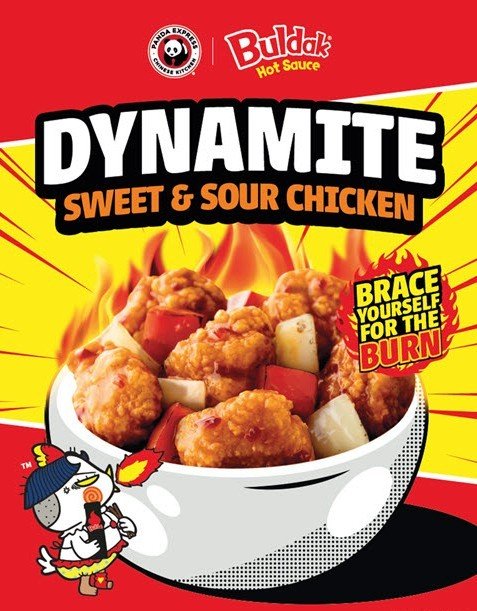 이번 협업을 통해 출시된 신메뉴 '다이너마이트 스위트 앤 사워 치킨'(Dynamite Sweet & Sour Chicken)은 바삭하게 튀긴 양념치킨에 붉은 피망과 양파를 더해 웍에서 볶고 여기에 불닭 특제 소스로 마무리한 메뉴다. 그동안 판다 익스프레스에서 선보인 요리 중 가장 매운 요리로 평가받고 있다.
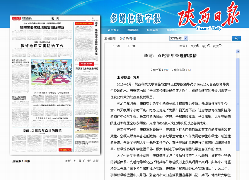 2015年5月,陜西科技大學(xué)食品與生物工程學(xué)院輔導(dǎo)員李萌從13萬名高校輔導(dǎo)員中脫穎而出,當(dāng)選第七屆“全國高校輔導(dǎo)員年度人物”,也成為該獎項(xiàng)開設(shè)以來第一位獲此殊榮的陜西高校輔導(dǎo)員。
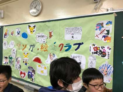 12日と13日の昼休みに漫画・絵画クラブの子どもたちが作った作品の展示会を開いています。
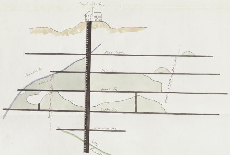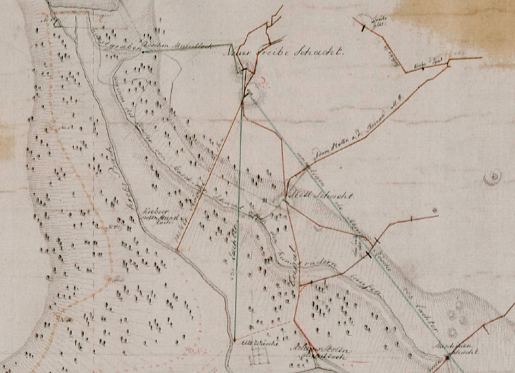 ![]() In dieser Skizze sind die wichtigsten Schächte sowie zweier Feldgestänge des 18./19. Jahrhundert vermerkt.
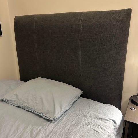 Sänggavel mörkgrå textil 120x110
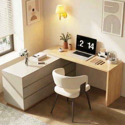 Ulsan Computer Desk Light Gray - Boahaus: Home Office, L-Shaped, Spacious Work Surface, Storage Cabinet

____

What you will do: Return the listing above word for word. Keep the images out.

Reply:
 이번 협업을 통해 출시된 신메뉴 '다이너마이트 스위트 앤 사워 치킨'(Dynamite Sweet & Sour Chicken)은 바삭하게 튀긴 양념치킨에 붉은 피망과 양파를 더해 웍에서 볶고 여기에 불닭 특제 소스로 마무리한 메뉴다. 그동안 판다 익스프레스에서 선보인 요리 중 가장 매운 요리로 평가받고 있다.
 2015年5月,陜西科技大學(xué)食品與生物工程學(xué)院輔導(dǎo)員李萌從13萬名高校輔導(dǎo)員中脫穎而出,當(dāng)選第七屆“全國高校輔導(dǎo)員年度人物”,也成為該獎項(xiàng)開設(shè)以來第一位獲此殊榮的陜西高校輔導(dǎo)員。
 12日と13日の昼休みに漫画・絵画クラブの子どもたちが作った作品の展示会を開いています。
 ![]() In dieser Skizze sind die wichtigsten Schächte sowie zweier Feldgestänge des 18./19. Jahrhundert vermerkt.
 Sänggavel mörkgrå textil 120x110
 Ulsan Computer Desk Light Gray - Boahaus: Home Office, L-Shaped, Spacious Work Surface, Storage Cabinet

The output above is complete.